PROVIDED DATA |
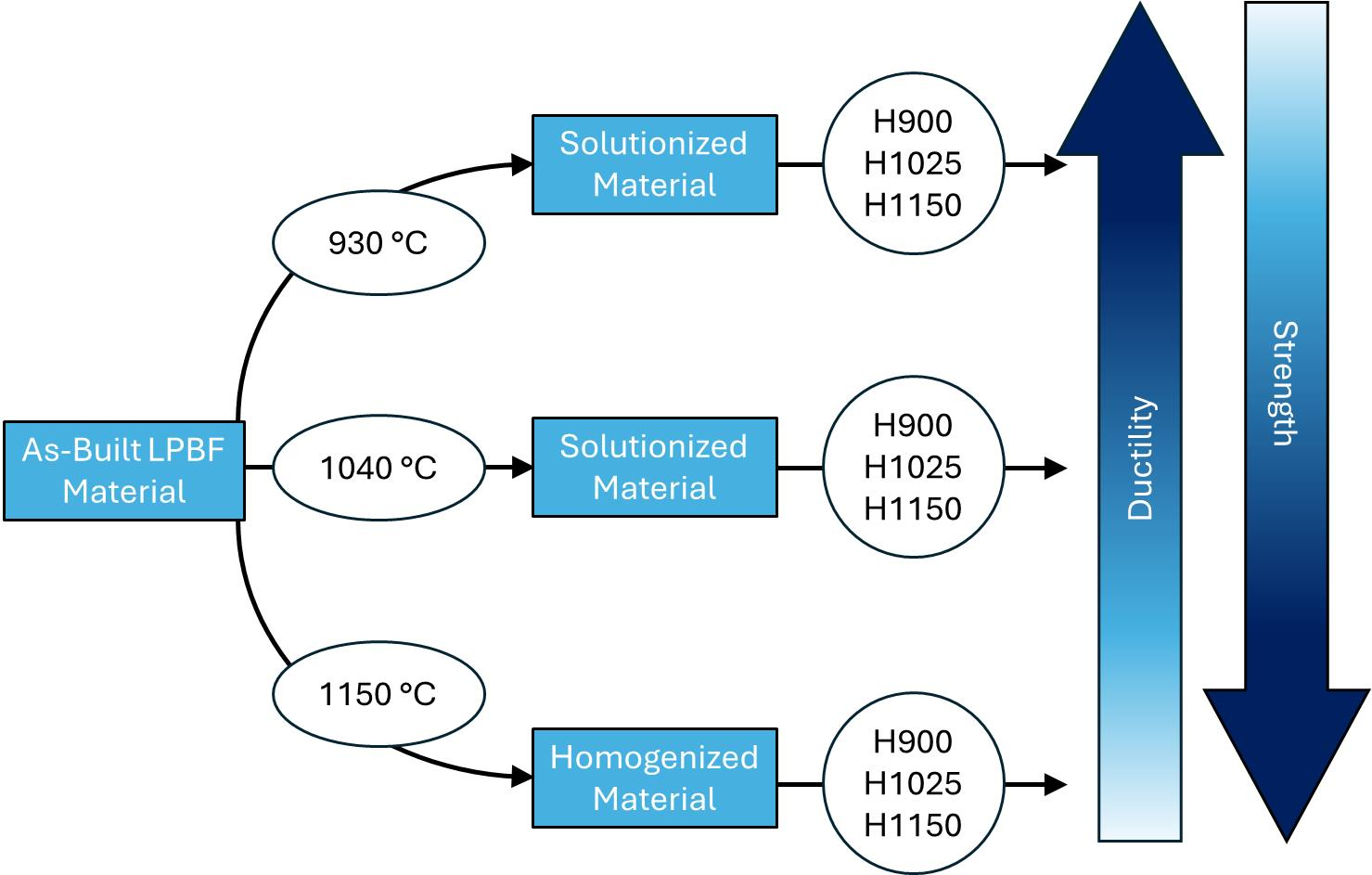 - A Condition A-like (solution-annealed) microstructure is achievable by using either a 1040 °C or 1150 °C treatment on the as-built LPBF microstructure.
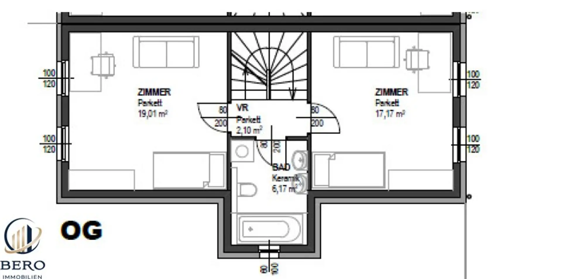 Über die Treppe gelangen Sie auf die zweite Ebene der Immobilie. Die beiden großen Schlafräumlichkeiten sind zentral begehbar und verfügen ihrerseits über ausreichend Stauraum, für Ihre Garderobe. Das Tageslicht-Bad ist mit einer Badewanne, einem Doppelwaschbecken und einer Toilette ausgestattet.
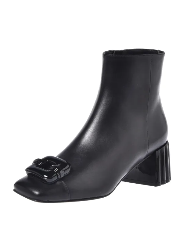 Design: Ritszakken aan de zijkant; Type sluiting: Ritssluiting; Type hak: Blokhak; Materiaal: Leer; Motief: Effen; Materiaal: Glad leer; Schoenneus: Vierkante neus; Extra's: Op staal naden; Hakhoogte: Middelhoge hak (3-7 cm)
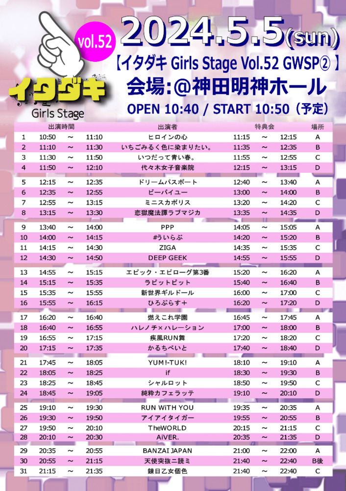 「イタダキ girls stage Vol.52 @神田明神ホール GWSP②」夜帯出演

WORK INSTRUCTION |
The answer must repeat every line of the listing exactly and leave the pictures out.

RESPONSE |
 - A Condition A-like (solution-annealed) microstructure is achievable by using either a 1040 °C or 1150 °C treatment on the as-built LPBF microstructure.
 Über die Treppe gelangen Sie auf die zweite Ebene der Immobilie. Die beiden großen Schlafräumlichkeiten sind zentral begehbar und verfügen ihrerseits über ausreichend Stauraum, für Ihre Garderobe. Das Tageslicht-Bad ist mit einer Badewanne, einem Doppelwaschbecken und einer Toilette ausgestattet.
 Design: Ritszakken aan de zijkant; Type sluiting: Ritssluiting; Type hak: Blokhak; Materiaal: Leer; Motief: Effen; Materiaal: Glad leer; Schoenneus: Vierkante neus; Extra's: Op staal naden; Hakhoogte: Middelhoge hak (3-7 cm)
 「イタダキ girls stage Vol.52 @神田明神ホール GWSP②」夜帯出演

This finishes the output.